↓

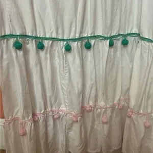 NWT Crown & Ivy White Tiered Maxi Dress with Colorful Pom Pom Trim - Size Large
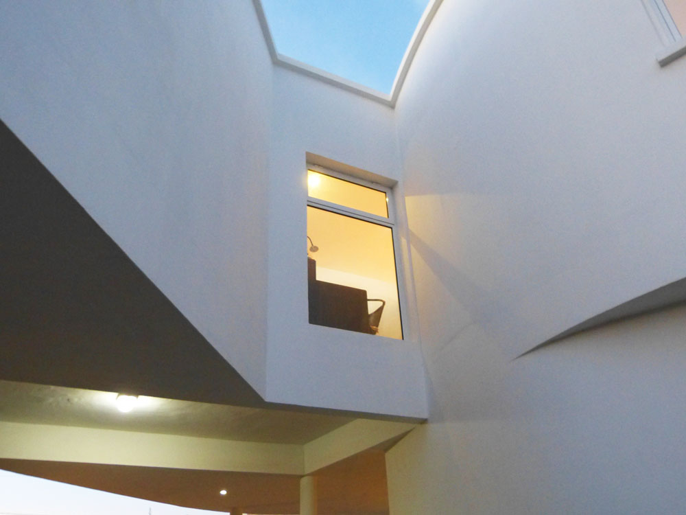 Trabajamos sobre un nuevo complejo turístico de tres viviendas de alquiler más una vivienda para los propietarios. Nuestra mirada buscó lo inerte, lo que no tiene vida ni puede morir, lo eterno de las grutas reinventadas una y otra vez por el viento y el océano Atlántico. Los volúmenes rocosos de las viviendas se apilan y se apoyan unos sobre otros, dejando huecos o patios donde poder preparar un buen cordero patagónico, charlar con los otros inquilinos sobre el clima, la ruta, jugar a las cartas, tomar mate, mirar el cielo por las noches, negro de estrellas.
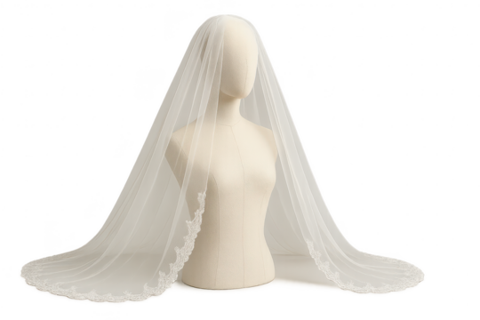 Elegant bridal veil with lace trim isolated on a transparent background studio shot

↑

Goal of the exercise: The reply should contain all of the data above, word for word, with no pictures.

Finished task:
 NWT Crown & Ivy White Tiered Maxi Dress with Colorful Pom Pom Trim - Size Large
 Trabajamos sobre un nuevo complejo turístico de tres viviendas de alquiler más una vivienda para los propietarios. Nuestra mirada buscó lo inerte, lo que no tiene vida ni puede morir, lo eterno de las grutas reinventadas una y otra vez por el viento y el océano Atlántico. Los volúmenes rocosos de las viviendas se apilan y se apoyan unos sobre otros, dejando huecos o patios donde poder preparar un buen cordero patagónico, charlar con los otros inquilinos sobre el clima, la ruta, jugar a las cartas, tomar mate, mirar el cielo por las noches, negro de estrellas.
 Elegant bridal veil with lace trim isolated on a transparent background studio shot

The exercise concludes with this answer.